Just days after rejecting proposed Labor Department changes to agricultural child labor regulations, President Barack Obama and Labor Secretary Hilda Solis are being criticized by labor organizations and child safety advocates for playing politics with children’s wellbeing.
The controversial labor proposal, which the Labor Department worked on for a year, would have banned children under the age of 16 from operating powered machinery, like tractors, and would have prevented children under 18 from working in grain silos, feedlots, and stockyards.

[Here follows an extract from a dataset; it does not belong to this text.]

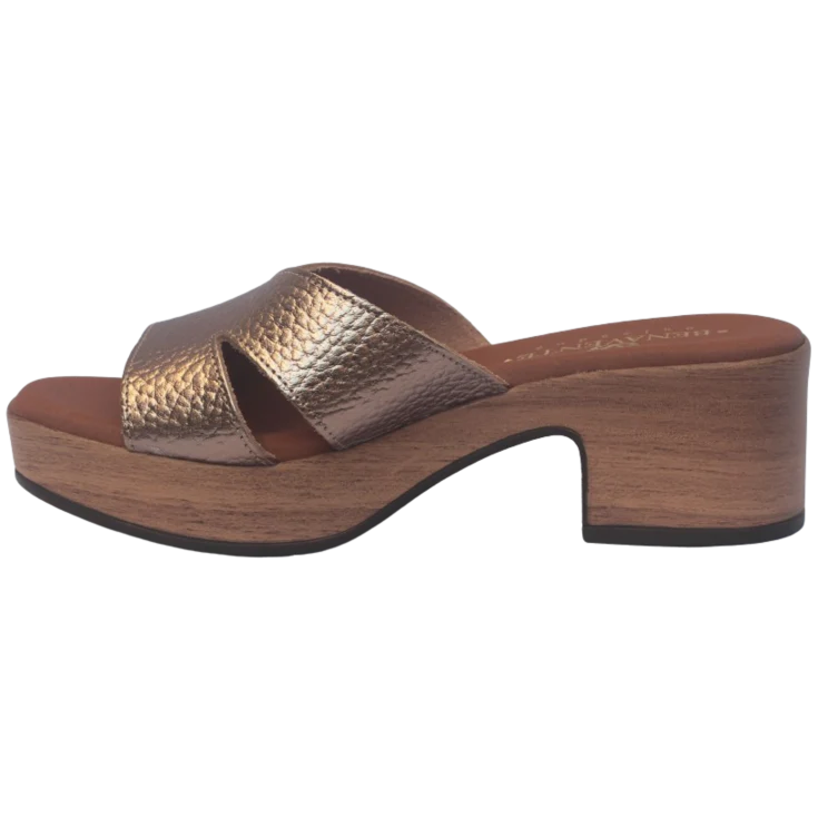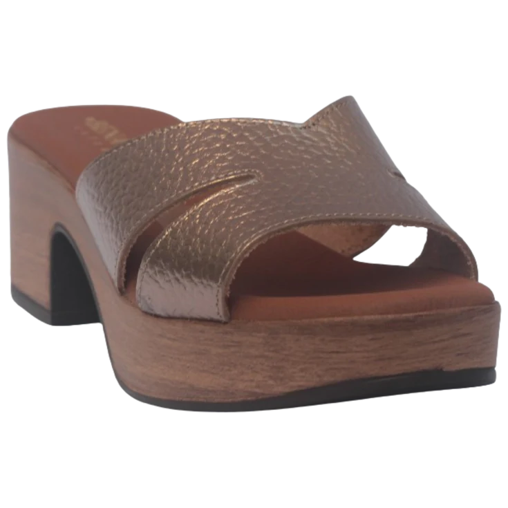 El acabado cava capta la luz con destellos cálidos y elegantes. Las tiras cruzadas envuelven el pie sin apretar, mientras la plantilla amortigua el impacto de cada paso. La estructura del tacón y la plataforma colaboran para que la inclinación se sienta equilibrada y cómoda.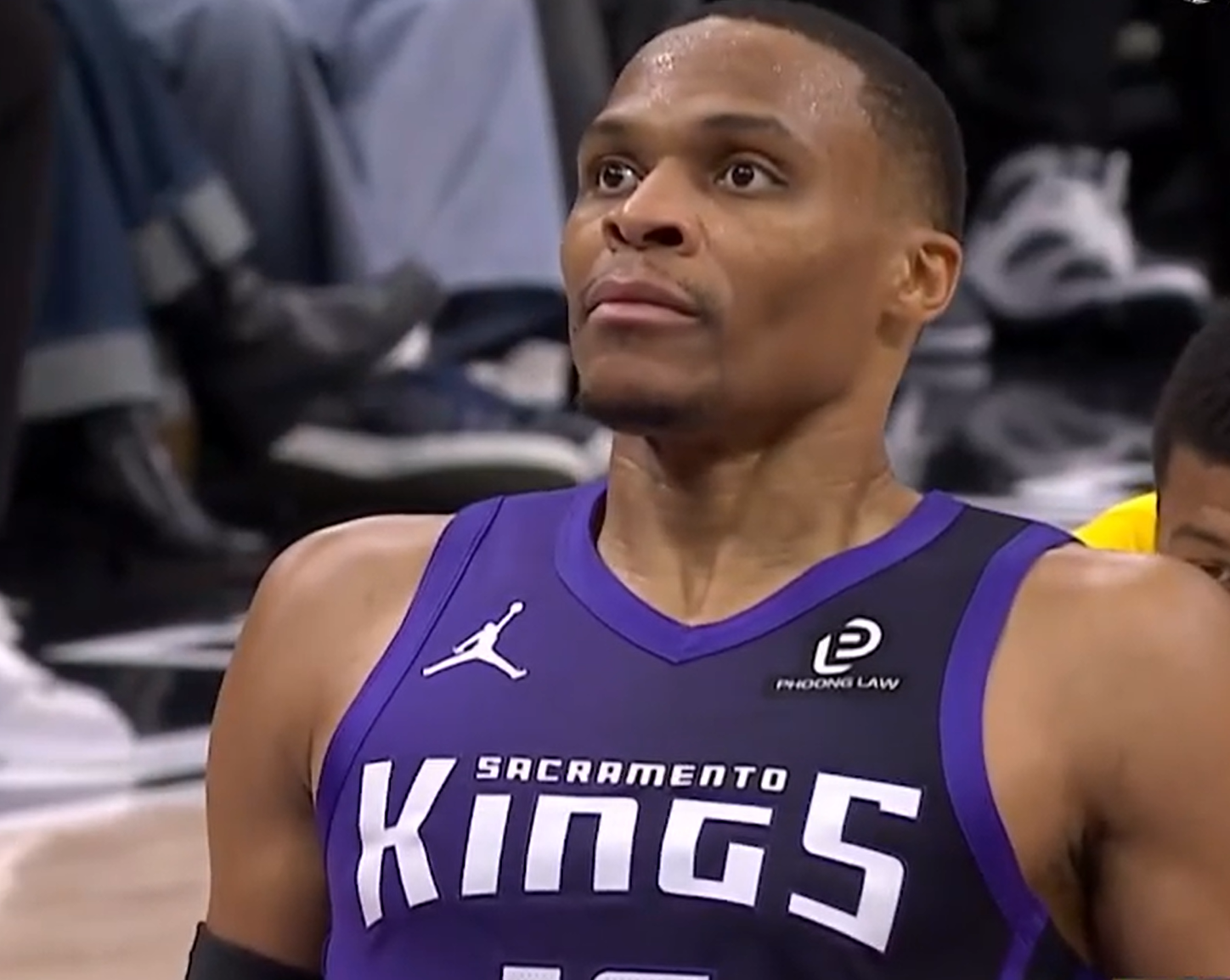 第二节当比分来到国王35-31湖人后,国王队逐渐将比分拉开。蒙克三分命中,东契奇抛投得分,阿丘瓦在内线打进,蒙克的三分又进了,德罗赞背转身挑篮也进,国王领先12分。随后东契奇为湖人连得4分,蒙克抛投打成了2+1。湖人得分还是靠东契奇,罚球2罚都进,蒙克的三分再进,4中4了!东契奇继续罚球,威少也进三分,蒙克三分线外还有!16分的分差。

The new regulations, Labor Department officials said, were necessary given the fact that the old rules, unchanged since the 70s, did not reflect current agricultural technology or practices.

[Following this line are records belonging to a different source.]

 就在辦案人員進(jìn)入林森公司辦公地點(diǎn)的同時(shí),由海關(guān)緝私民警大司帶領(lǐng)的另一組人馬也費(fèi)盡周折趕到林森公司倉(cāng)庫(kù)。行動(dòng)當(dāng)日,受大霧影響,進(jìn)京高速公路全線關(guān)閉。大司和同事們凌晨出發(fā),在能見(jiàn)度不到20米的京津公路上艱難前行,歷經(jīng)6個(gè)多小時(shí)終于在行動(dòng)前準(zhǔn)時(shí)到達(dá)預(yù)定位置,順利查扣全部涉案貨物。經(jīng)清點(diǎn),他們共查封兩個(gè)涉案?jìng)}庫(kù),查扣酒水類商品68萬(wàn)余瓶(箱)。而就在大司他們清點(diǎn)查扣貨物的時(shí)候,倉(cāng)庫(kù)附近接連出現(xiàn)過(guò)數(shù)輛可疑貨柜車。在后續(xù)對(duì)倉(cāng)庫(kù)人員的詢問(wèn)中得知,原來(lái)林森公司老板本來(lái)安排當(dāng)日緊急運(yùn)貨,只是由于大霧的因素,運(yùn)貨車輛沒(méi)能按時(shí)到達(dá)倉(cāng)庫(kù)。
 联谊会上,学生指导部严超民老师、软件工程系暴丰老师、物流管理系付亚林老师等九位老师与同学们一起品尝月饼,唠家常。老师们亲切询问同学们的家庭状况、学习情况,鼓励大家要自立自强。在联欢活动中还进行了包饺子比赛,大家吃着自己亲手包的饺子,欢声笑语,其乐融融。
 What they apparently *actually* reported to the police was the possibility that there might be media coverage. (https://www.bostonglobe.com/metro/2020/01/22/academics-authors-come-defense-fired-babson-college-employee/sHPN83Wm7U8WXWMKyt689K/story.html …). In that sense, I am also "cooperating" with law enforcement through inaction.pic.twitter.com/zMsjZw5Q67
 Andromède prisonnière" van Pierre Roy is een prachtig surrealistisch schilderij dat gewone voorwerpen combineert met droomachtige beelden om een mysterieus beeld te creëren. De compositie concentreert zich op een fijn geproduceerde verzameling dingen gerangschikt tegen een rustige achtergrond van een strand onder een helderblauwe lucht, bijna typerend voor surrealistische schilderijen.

In the face of heated opposition from agricultural advocacy groups and agricultural politicians, Obama and Solis backed off the proposal. The opposition cut across party lines, with staunch conservatives in the Senate joining forces with liberals like Al Franken of Minnesota to protect their constituents’’ way of life.
Some labor advocates, however, are accusing the president of playing politics with children’s lives. Reid Maki, the director of the Child Labor Coalition, stated, “There was tremendous heat, and I don’t think it helped that it was an election year. A lot of conservatives made a lot of political hay out of this issue.”
Children are four times more likely to be killed while performing farm work than in all other industries combined. However, while farm work is still inherently dangerous, the total number of farm deaths and injuries has been decreasing over the past decade.